Chávez ganó con amplios márgenes las elecciones de 1998 y después, aprovechándose de la gracia de todo gobierno en tiempos de estreno, logró amasar poder y legitimarlo en las urnas. Halló un resquicio en la polarización para implantar su discurso a través de medios de comunicación gubernamentales: desde el comienzo de su gestión, con su prosa voluptuosa y su vozarrón estridente, programas de televisión y de radio, así como periódicos, con los cuales quiso rebatir todo viso de crítica. En el tránsito expresó simpatía por los peores del barrio: Fidel Castro, Saddam Hussein, Muamar el Gadafi, Mahmoud Ahmadinejad y Vladimir Putin, entre otros.
En las legislativas de 2005, la oposición desertó de las urnas y dejó la Asamblea Nacional en manos del oficialismo. Relegido al año siguiente, Chávez terminó siendo más democrático que los otros, mortificados por sus traspiés: aseguró que iba a salir de Miraflores si perdía. Las misiones, programas sociales financiados con los ingresos adicionales de Petróleos de Venezuela (Pdvsa) en coincidencia con las alzas récord del precio del barril, atienden ahora en colegios y hospitales a aquellos que siempre han sido soslayados por el Estado. Nunca había ocurrido, así como nunca había habido tantos empleados públicos.
La oposición venezolana, sin más plan que derrocarlo, dio de bruces contra sí misma el 11 de abril de 2002: las efímeras 47 horas de gobierno del empresario Pedro Carmona, como consecuencia del golpe de Estado, demostraron que, si la meta era terminar con actitudes antidemocráticas, nada iba a ser más antidemocrático que un presidente ilegítimo, surgido de una conspiración civil y militar. Diez años después, en 2012, esas fuerzas dispersas se unieron por primera vez en una década detrás de un candidato elegido en primarias abiertas a todo el electorado, Capriles.
En estos años hubo presiones mutuas. Contra Chávez, cierres patronales y paros petroleros; contra la oposición, latigazos y amenazas. Y, de ambos lados, violencia. En ese clima enrarecido, un militar entonado por sus delirios libertadores halló el pretexto para blandir la espada. Empleó su vocabulario necrófilo contra aquellos que creyó traidores. Acusó a Bush de ir por el petróleo a Irak y, después, a Venezuela. Con Capriles, tildado de “cochino” y “majunche (mediocre)” por haber participado del acoso a la embajada cubana durante el efímero golpe de 2002, rehuyó al debate. Y, sin embargo, ganó.

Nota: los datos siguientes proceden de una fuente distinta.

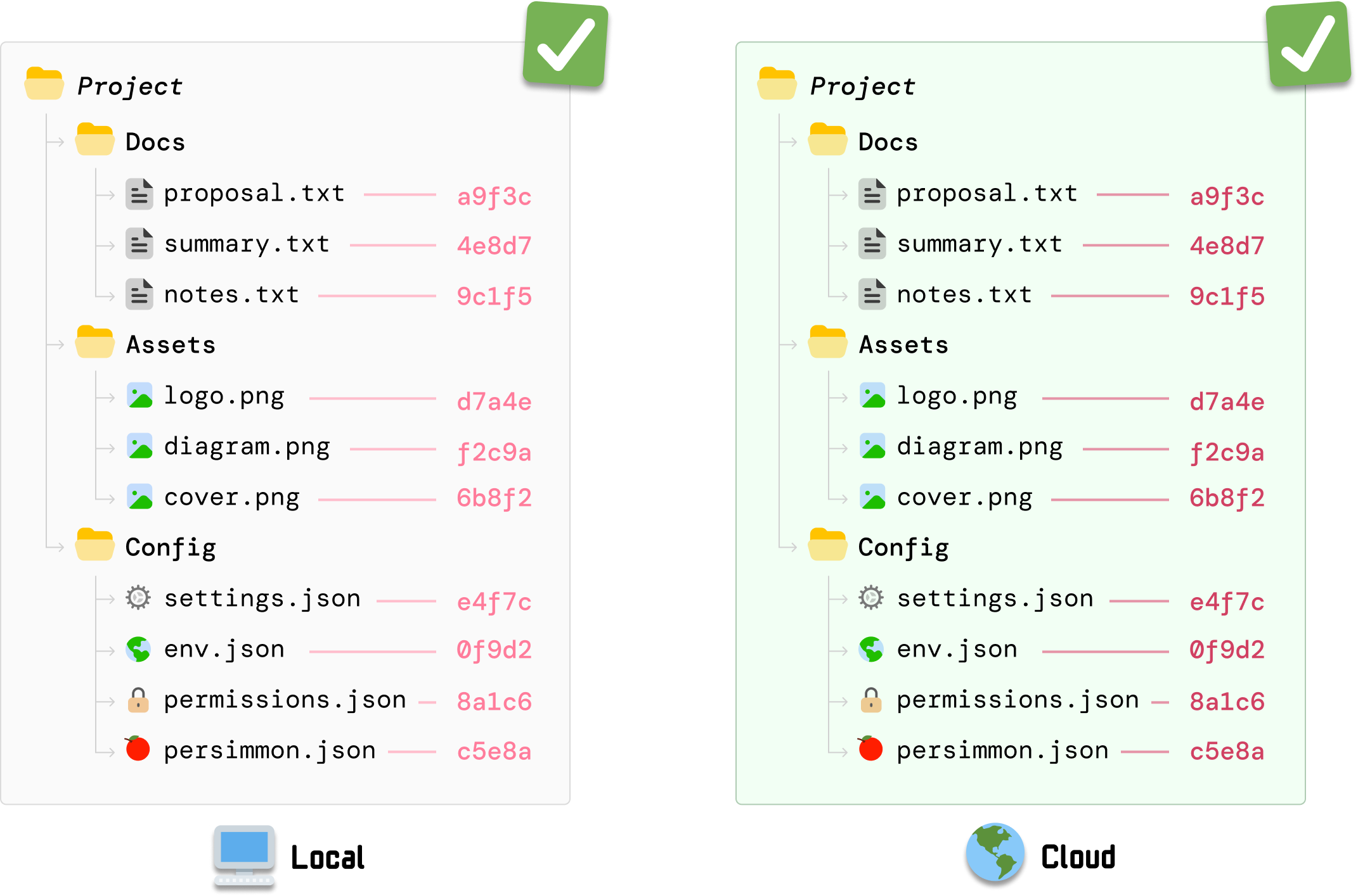 Just like earlier, the hashing order is stable. We hash the subfolder hash values in top-down order, and the values are still identical between our local copy and the cloud copy.

Sin responderme si era de derecha o de izquierda, Chávez me enseñó su billetera: tenía dinero, el documento de identidad, el carné de teniente coronel y fotos de sus hijos. Cual muestra de su fama de seductor, llevaba dos pañuelos blancos en los bolsillos traseros del pantalón: “Lo aprendí cuando era cadete; uno es para la dama”, me explicó. Y nunca olvidaba su peine: “Mi cabello es rebelde”, me aclaró, irónico.
Tampoco olvidaba un diminuto libro de citas de Jorge Eliécer Gaitán, líder del ala populista del Partido Liberal de Colombia asesinado el 9 de abril de 1948. Lo sacó del bolsillo derecho del pantalón y leyó: “Todo está trenzado en el ritmo de la unidad, nada es una fracción, todo es parte de todo, lo que cada uno hace tiene relación con lo que otro hizo o con lo que otro va a hacer”. De ser cierto, tanto Chávez como Capriles son parte de ese todo en el cual, según el cristal, pesaron más los aciertos que los errores o viceversa.